(Given information Opens)
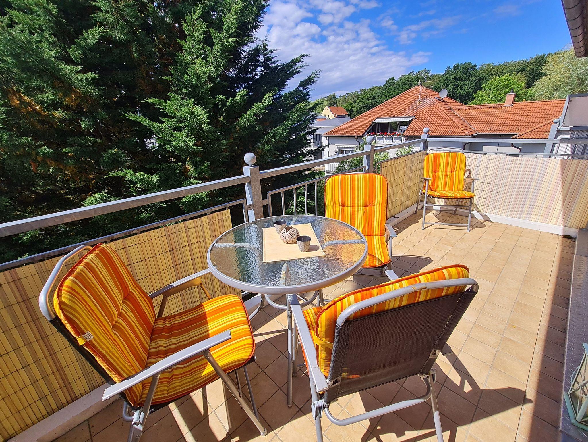 • Balkon: Westausrichtung, mit Tisch, Stühle für 4 Personen, Sonnenschirm, 2 Liegen
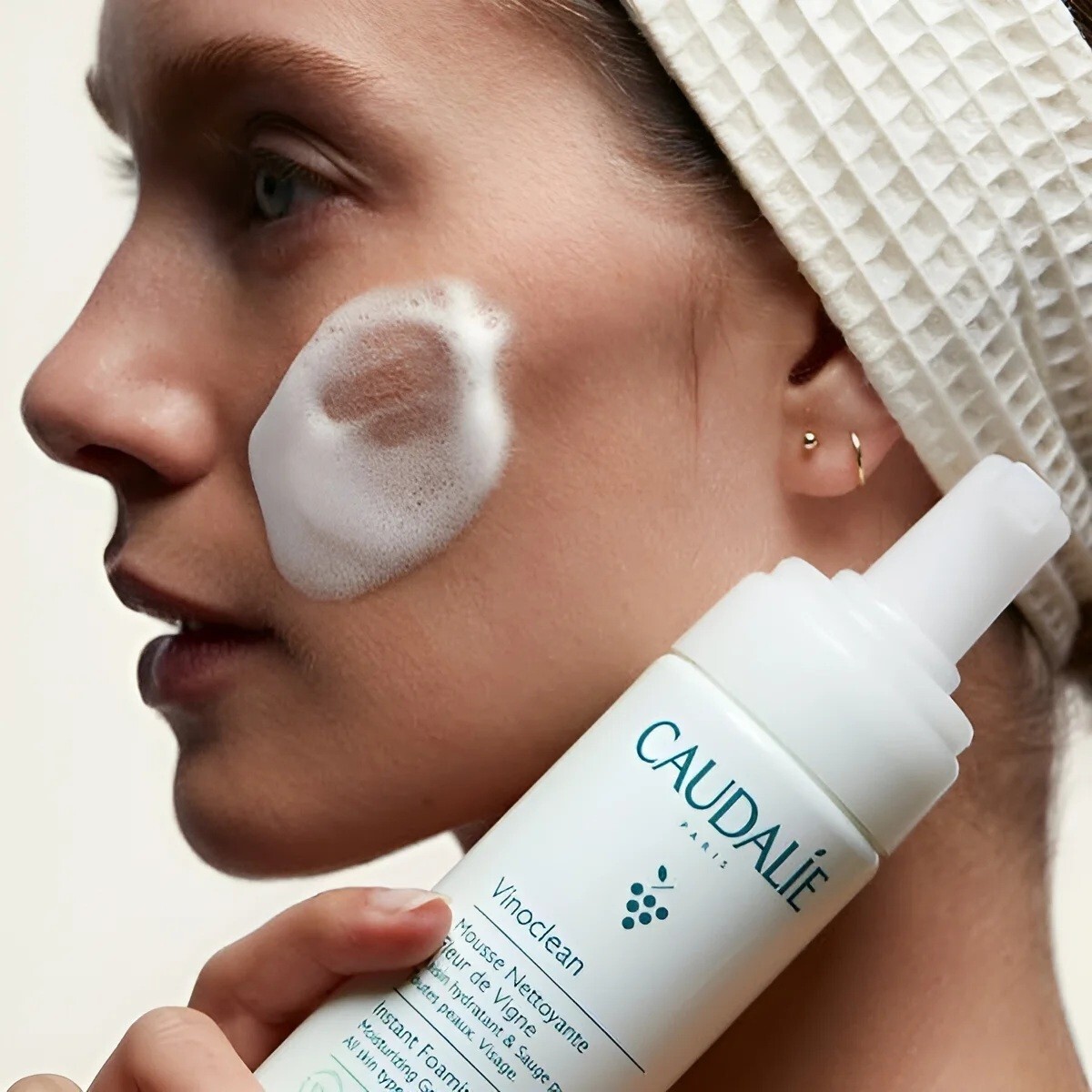 Caudalie Vinoclean Instant Foaming Cleanser ✨ Product Overview ✨ Caudalie Vinoclean Instant Foaming Cleanser is a 5 oz / 150 ml cleanser. It features a foam with moisturising grape and purifying sage. This cleanser gently cleanses and purifies, providing radiance and comfort. Perfect for those seeking a soothing cleansing experience. Key Benefits Moisturising Grape : Nourishes the skin. Purifying Sage : Helps in cleansing. Radiance & Comfort : Enhances skin's appearance and feel. Product Details The cleanser comes in a 150 ml / 5 fl. oz bottle. It's designed for gentle cleansing, making it ideal for daily use. The product image includes grapes and sage, emphasizing its natural ingredients. Trust Caudalie for a cleansing experience that cares for your skin.
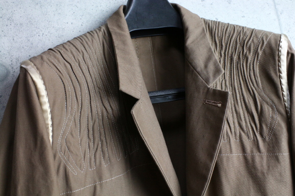 特徴的な肩のプリーツ部分と袖の切りっぱなし等様々な部分の凝ったデザインがかっこいいジャケットです。
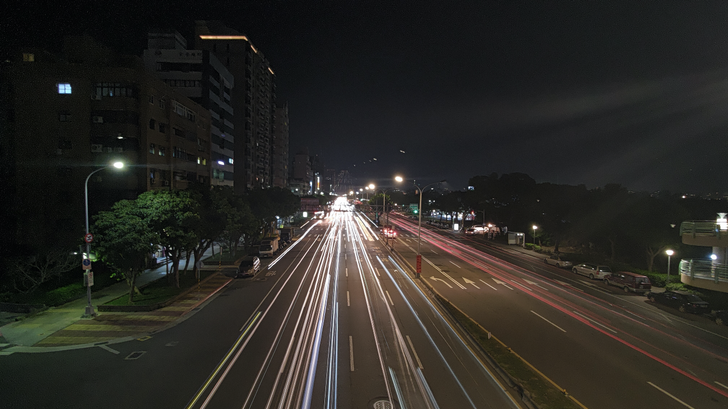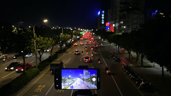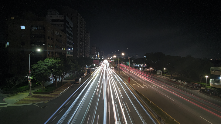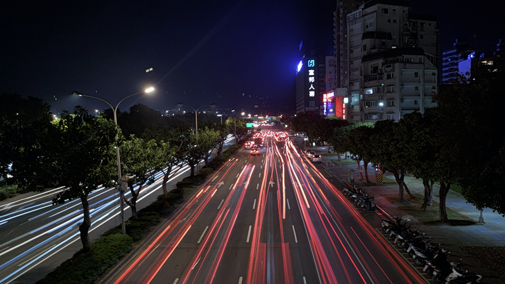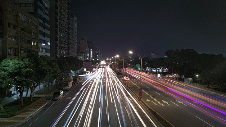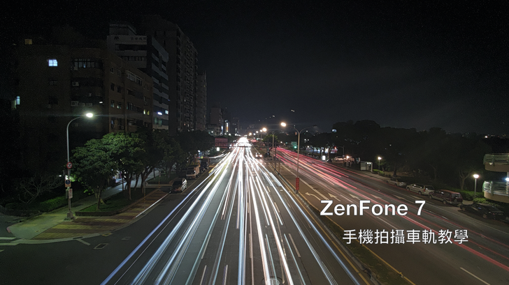 以 ZenFone 7 專業模式,主鏡頭豎直拍攝,ISO 25,曝光時間 6 秒。豎直拍攝可以讓車軌在畫面中的比例更高。
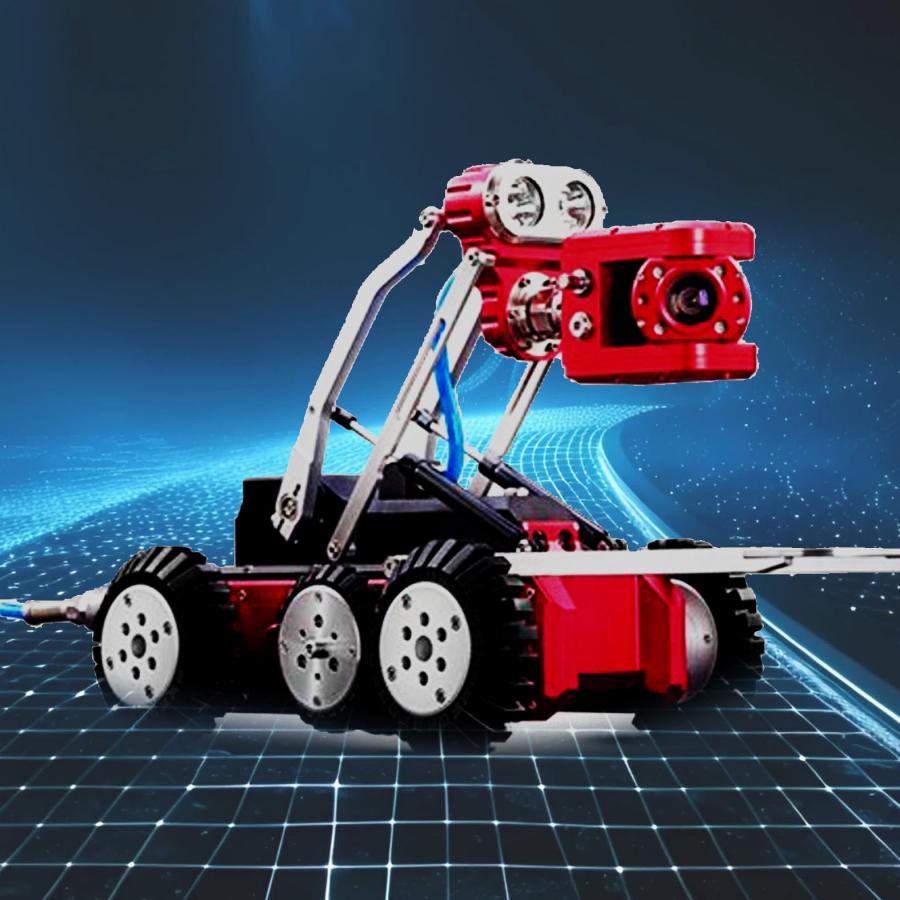 检测机器人有先进的摄像头、爬行器及灯光系统,完全由带遥控器的监视控制,操作简单,移动方便。可以进行影像 处理、记录摄像。具有高质量的图像记录和文字编辑功能。其主要工作部分为一部四轮驱动的机器人和一台计算机。通 过机器人在管道内爬行,对管段进行影响记录、缺陷部位抓拍、检查。
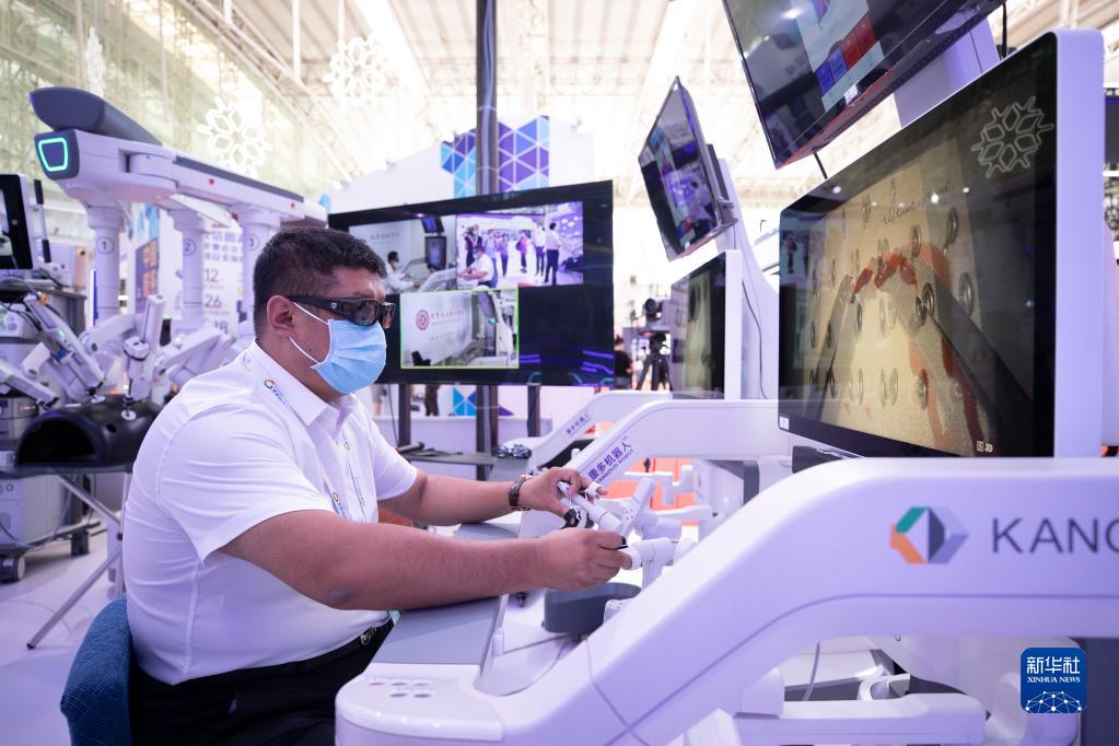 8月11日,在2022世界5G大會(huì )展廳里,參展商演示5G網(wǎng)絡(luò )支持下的遠程手術(shù)設備。
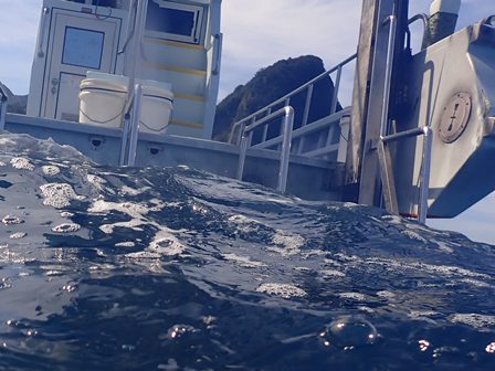 最後は自慢のラダーが、海の中まで下りて
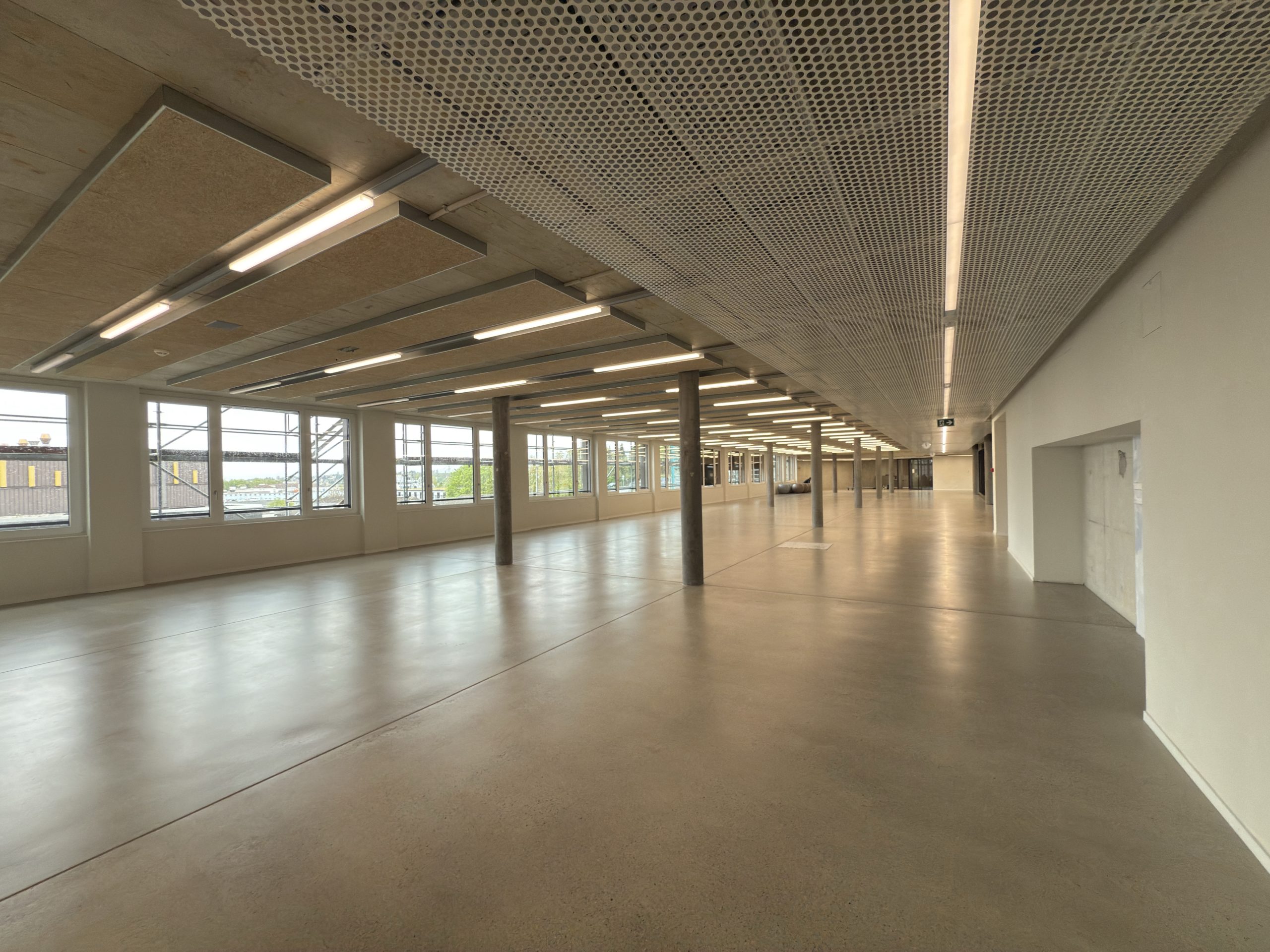 Le changement d’affectation à travaux initiés a bien sûr été l’un des défis majeurs au niveau conceptuel, notamment pour intégrer les nouveaux volumes des salles de sport avec une statique déjà définie ; des poutres précontraintes reprennent les efforts des niveaux supérieurs.
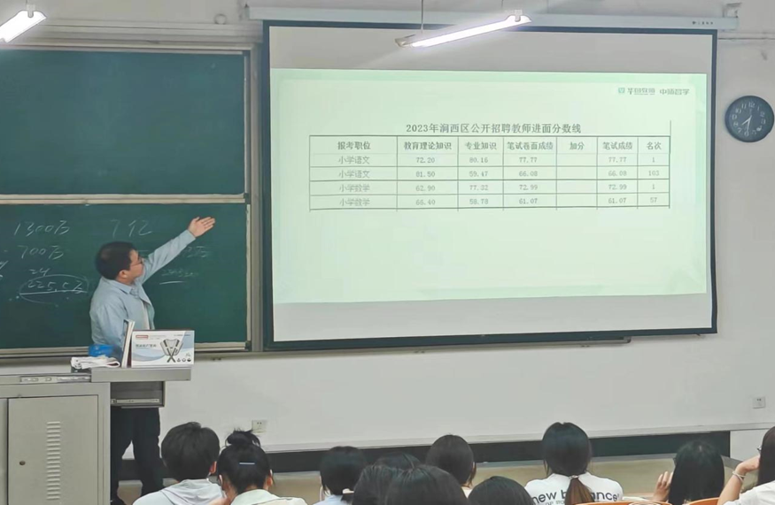 4月18日,我院在A7-114教室召开2024年河南招教特岗备考讲座,邀请中师华图培训师王继辉担任主讲人,我院毕业班及其他年级部分学生参加讲座。
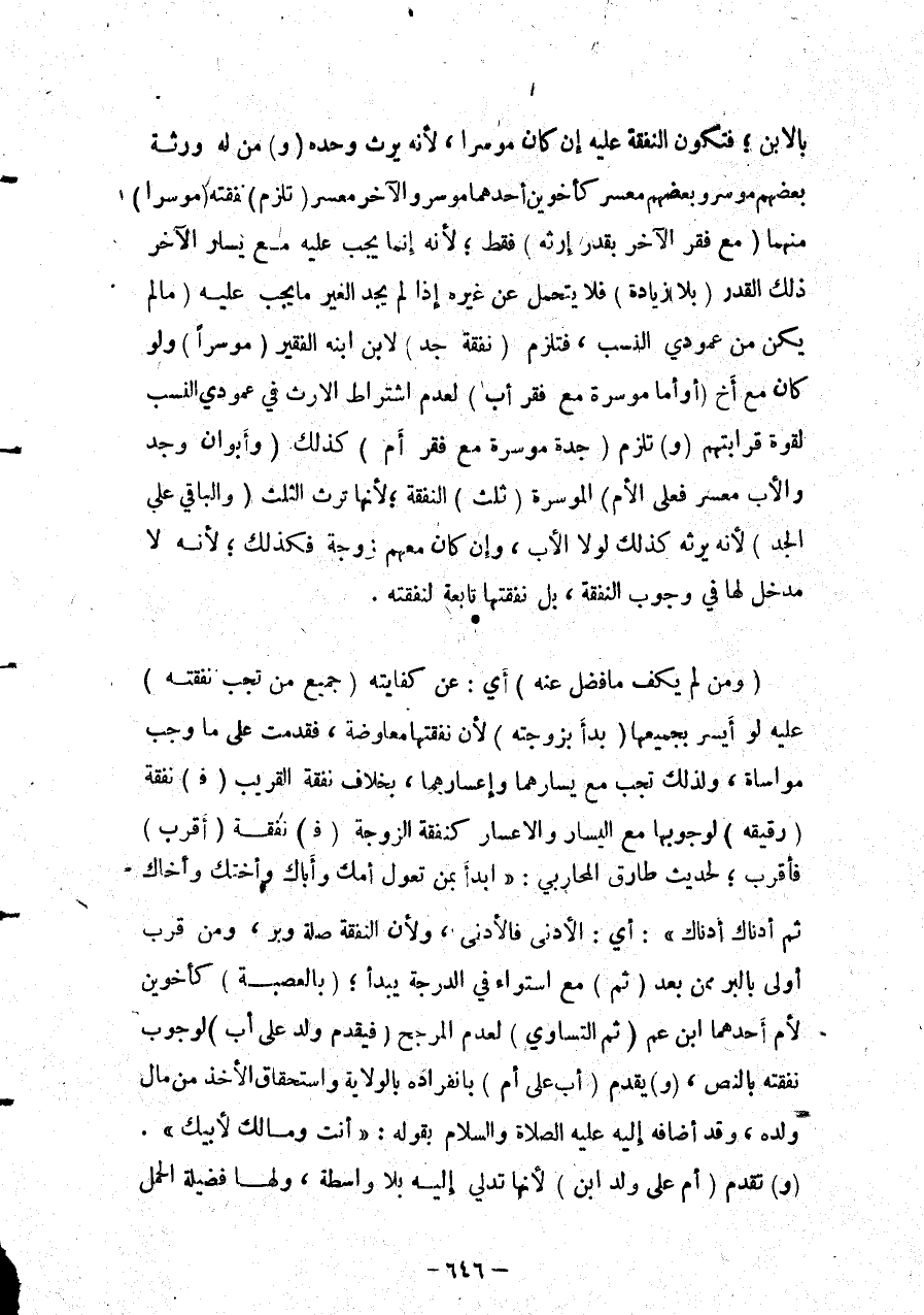 (وَمِنْ لَمْ يَكْفِ مَا فَضَلَ عَنْهُ) أَيْ: عَنْ كِفَايَتِهِ (جَمِيعُ مِنْ تَجِبُ نَفَقَتُهُ) عَلَيْهِ لَوْ أَيْسَرَ بِجَمِيعِهَا (بَدَأَ بِزَوْجَتِهِ) ؛ لِأَنَّ نَفَقَتَهَا مُعَارَضَةٌ، فَقُدِّمَتْ عَلَى مَا وَجَبَ مُوَاسَاةً، وَلِذَلِكَ تَجِبُ مَعَ يَسَارِهِمَا وَإِعْسَارِهِمَا، بِخِلَافِ نَفَقَةِ الْقَرِيبِ (ف) نَفَقَةُ (رَقِيقِهِ) لِوُجُوبِهَا مَعَ الْيَسَارِ وَالْإِعْسَارِ كَنَفَقَةِ الزَّوْجَةِ (ف) نَفَقَةُ (أَقْرَبَ) فَأَقْرَبَ؛ لِحَدِيثِ طَارِقٍ الْمُحَارِبِيِّ: «ابْدَأْ بِمَنْ تَعُولُ أُمَّك وَأَبَاك وَأُخْتَك وَأَخَاك ثُمَّ أَدْنَاك أَدْنَاك» : أَيْ: الْأَدْنَى فَالْأَدْنَى، وَلِأَنَّ النَّفَقَةَ صِلَةٌ وَبِرٌّ، وَمَنْ قَرُبَ أَوْلَى، بِالْبِرِّ مِمَّنْ بَعُدَ (ثُمَّ) مَعَ اسْتِوَاءٍ فِي الدَّرَجَةِ يَبْدَأُ؛ (بِالْعَصَبَةِ) كَأَخَوَيْنِ لِأُمٍّ أَحَدُهُمَا ابْنُ عَمٍّ (ثُمَّ التَّسَاوِي) لِعَدَمِ الْمُرَجِّحِ (فَيُقَدَّمُ وَلَدٌ عَلَى أَبٍ) لِوُجُوبِ نَفَقَتِهِ بِالنَّصِّ، (وَ) يُقَدَّمُ (أَبٌ عَلَى أُمٍّ) بِانْفِرَادِهِ بِالْوِلَايَةِ وَاسْتِحْقَاقِ الْأَخْذِ مِنْ مَالِ وَلَدِهِ، وَقَدْ أَضَافَهُ إلَيْهِ - عَلَيْهِ الصَّلَاةُ وَالسَّلَامُ - بِقَوْلِهِ: «أَنْتَ وَمَالُكَ لِأَبِيكَ» .
(Given information Closes)
■ Exercise objective: Above are the records. Copy word for word only their lines from the one holding "8月11日,在2022世界5G大會(huì )展廳里,參展商演示5G網(wǎng)絡(luò )支持下的遠程手術(shù)設備。" through the one holding "4月18日,我院在A7-11", both included, and skip the images.

■ Written reply:
 8月11日,在2022世界5G大會(huì )展廳里,參展商演示5G網(wǎng)絡(luò )支持下的遠程手術(shù)設備。
 最後は自慢のラダーが、海の中まで下りて
 Le changement d’affectation à travaux initiés a bien sûr été l’un des défis majeurs au niveau conceptuel, notamment pour intégrer les nouveaux volumes des salles de sport avec une statique déjà définie ; des poutres précontraintes reprennent les efforts des niveaux supérieurs.
 4月18日,我院在A7-114教室召开2024年河南招教特岗备考讲座,邀请中师华图培训师王继辉担任主讲人,我院毕业班及其他年级部分学生参加讲座。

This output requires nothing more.